■ **Exercise instructions**
With the pictures left aside, write out exactly the lines of the listing below from the line with "AAAAAcessories Outdoor Seat" to the line with "أصدرت هيئة الأرصاد", both included, and only those.

■ **Data records**
<<<<

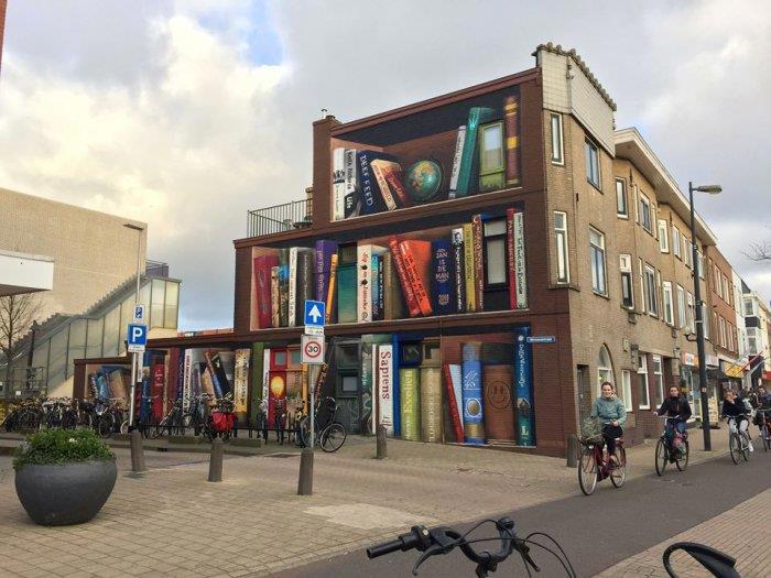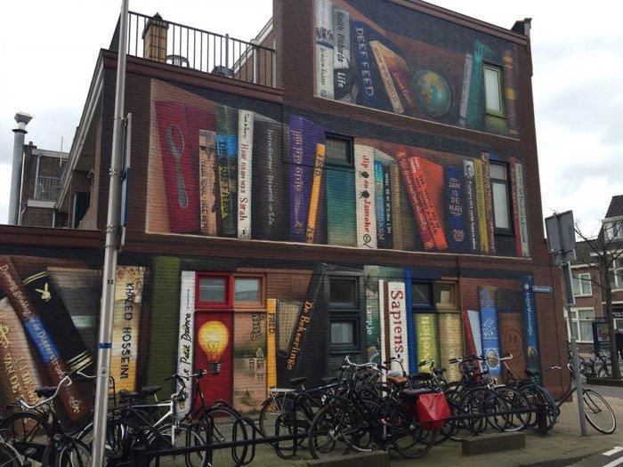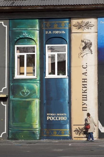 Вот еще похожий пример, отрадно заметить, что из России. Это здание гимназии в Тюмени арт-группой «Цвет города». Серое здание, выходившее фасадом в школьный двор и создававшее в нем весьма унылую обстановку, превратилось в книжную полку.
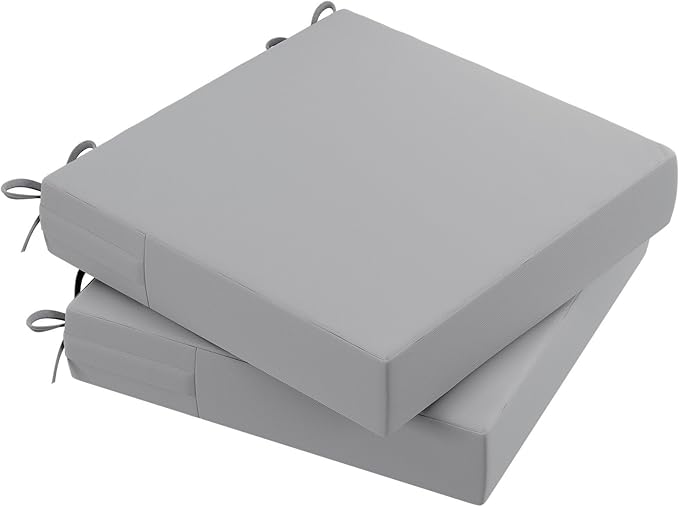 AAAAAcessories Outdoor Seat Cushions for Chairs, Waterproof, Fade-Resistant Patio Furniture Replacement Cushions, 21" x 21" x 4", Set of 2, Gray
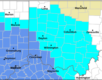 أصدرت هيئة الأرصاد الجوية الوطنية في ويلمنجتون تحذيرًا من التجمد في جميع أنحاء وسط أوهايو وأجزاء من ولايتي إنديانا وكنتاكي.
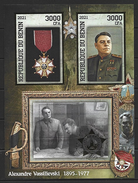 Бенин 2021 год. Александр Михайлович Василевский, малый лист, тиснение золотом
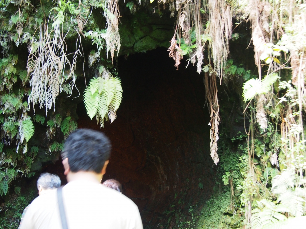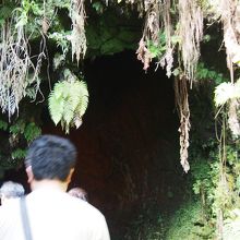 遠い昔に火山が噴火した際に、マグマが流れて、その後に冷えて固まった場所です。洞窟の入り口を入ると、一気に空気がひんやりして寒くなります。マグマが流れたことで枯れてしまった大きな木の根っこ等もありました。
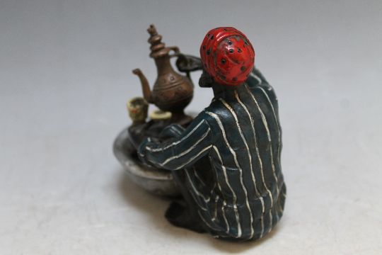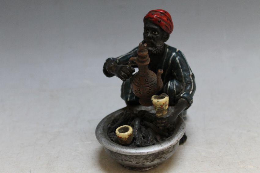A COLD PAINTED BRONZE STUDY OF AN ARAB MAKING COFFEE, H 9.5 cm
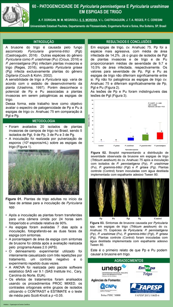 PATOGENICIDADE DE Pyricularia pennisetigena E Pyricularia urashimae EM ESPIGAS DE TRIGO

>>>>

■ **Response**
 AAAAAcessories Outdoor Seat Cushions for Chairs, Waterproof, Fade-Resistant Patio Furniture Replacement Cushions, 21" x 21" x 4", Set of 2, Gray
 أصدرت هيئة الأرصاد الجوية الوطنية في ويلمنجتون تحذيرًا من التجمد في جميع أنحاء وسط أوهايو وأجزاء من ولايتي إنديانا وكنتاكي.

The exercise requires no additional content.